The journalist and historian Jonathan Mirsky dismissed Mr. Sorley’s argument in The New York Review of Books, writing that “it fails as a piece of serious analysis” because “it never addresses the most telling question of all: Why were the South Vietnamese armies, backed by the most powerful country in the world, so weak?”
Mr. Mirsky characterized the book as “an embittered defense of Creighton Abrams,” and indeed Mr. Sorley devoted much space to the general’s Accelerated Pacification Campaign, which he believed was the key to his strategy, and his success.
“The central goal of the APC, as it was called for short, was to raise 1,000 contested hamlets to relatively secure status in a ninety-day period,” Mr. Sorley wrote. “When the campaign showed greater than expected success early in the process, the number of targeted hamlets was raised to 1,300, and by early January 1969 some force had been moved into 1,320 of them.”

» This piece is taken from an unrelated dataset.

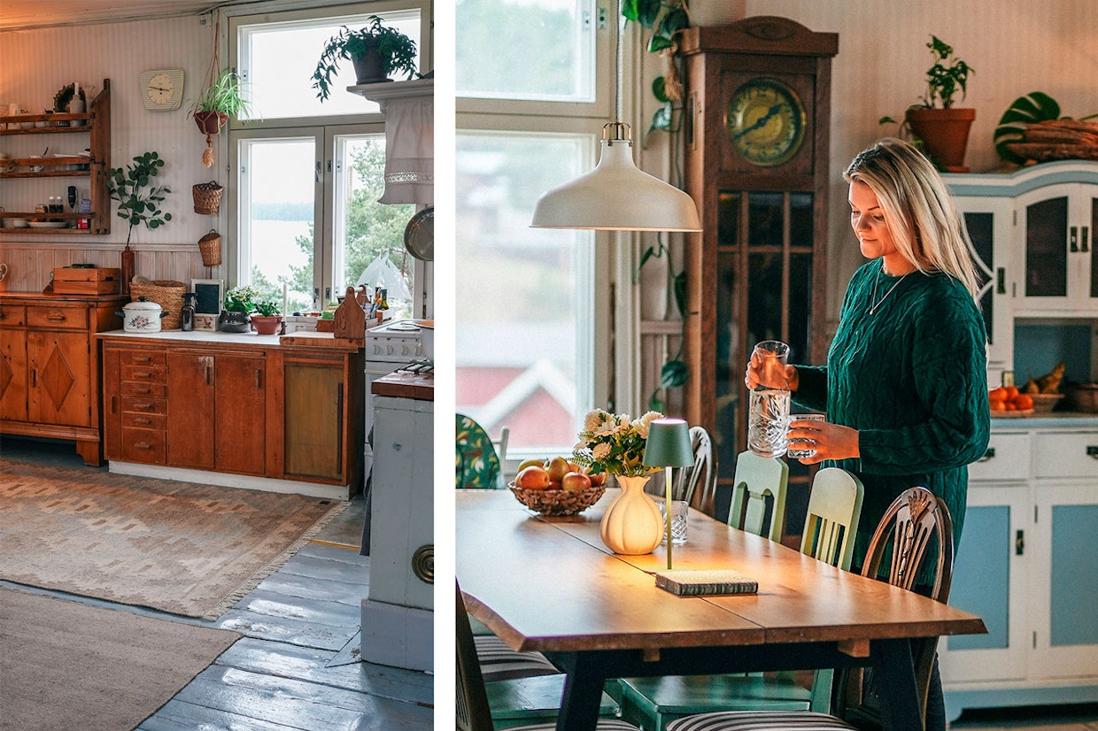 Anniina Jalkasen perheen kodissa matot eivät ole vain esteettisiä elementtejä, vaan helpottavat arkea myös käytännön syistä: ”Talvisin meillä on talossa kylmät lattiat, joten Rustasta hankitut villamatot tekevät asumisesta paljon mukavampaa”, Jalkanen kommentoi.Vaikuttajana työskentelevä Anniina Jalkanen asuu perheensä ja lemmikkiensä kanssa vanhassa hirsitalossa Turun saaristossa. Kodin sisustuksessa yhdistyvät lämpimät sävyt, luonnonmateriaalit ja hallittu, mutta runsas tyyli, joka henkii kodikkuutta ja elettyä elämää. Vanhan kalastajatilan tunnelma ja historia näkyvät jokaisessa yksityiskohdassa, ja sisustus on muovautunut puolen vuoden aikana perheen mieltymysten mukaan.

But other historians pointed out, as Mr. Mirsky wrote in a review of Mr. Sorley’s Westmoreland biography, that General Abrams “championed ‘clear and hold’ operations like ‘Speedy Express,’ in which the Ninth Division ‘had taken off the kid gloves’ during its six-month operation in the delta. This led to an enormous number of civilian casualties.”

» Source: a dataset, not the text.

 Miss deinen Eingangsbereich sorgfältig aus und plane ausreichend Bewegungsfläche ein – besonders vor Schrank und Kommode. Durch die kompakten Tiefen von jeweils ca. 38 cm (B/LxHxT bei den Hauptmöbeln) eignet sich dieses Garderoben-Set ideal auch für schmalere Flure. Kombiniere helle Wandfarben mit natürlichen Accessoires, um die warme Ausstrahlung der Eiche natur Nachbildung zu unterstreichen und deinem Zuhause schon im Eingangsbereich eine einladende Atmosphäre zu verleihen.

Mr. Sorley was sharply critical of Ken Burns’s widely acclaimed 2017 PBS documentary series about the Vietnam War, which documented the war’s horrific missteps; he called it “deeply flawed.”
Lewis Stone Sorley III was born on Aug. 3, 1934, in West Point, N.Y., the son of Col. Merrow Sorley, who taught military art and engineering at the U.S. Military Academy, and Louise (Hunt) Sorley. Bob, as his family called him, graduated from the Texas Military Institute in San Antonio in 1951, and from West Point in 1956 with a degree in military engineering.
There followed a long career in the military: From 1957 to 1960, in Germany, he was a tank platoon leader; from 1963 to 1966, after earning an M.A. in English literature from the University of Pennsylvania, he was an instructor and assistant professor in the English department at West Point. He was an executive officer in a tank battalion in Vietnam in 1966 and 1967, before serving as assistant secretary of the general staff there from 1968 to 1970; and in 1973, he joined the faculty of the U.S. Army War College in the department of military planning and strategy.
After retiring from the Army in 1976, he was a senior civilian official in the C.I.A. In 1979, he received a Ph.D. in national security policy from Johns Hopkins University.
Mr. Sorley was also the author of “Honor Bright: History and Origins of the West Point Honor Code and System” (2008), “Vietnam Chronicles: The Abrams Tapes, 1968-1972” (2004), “Honorable Warrior: General Harold K. Johnson and the Ethics of Command” (1998), “Thunderbolt: General Creighton Abrams and the Army of His Times” (1992) and “Arms Transfers Under Nixon: A Policy Analysis” (1983).
In addition to his stepdaughter, Mr. Sorley is survived by two stepsons, Douglas and Timothy Becker; a sister, Judith Simpson; and four step-grandchildren. Mr. Sorley’s wife, Virginia, died this year, and a daughter from a previous marriage, Kathy Sorley, died in 2018.
“He loved the Army, and being in the military, and driving tanks,” Ms. Merritt, his stepdaughter, said in an interview. “And he so greatly admired the generals he wrote about.”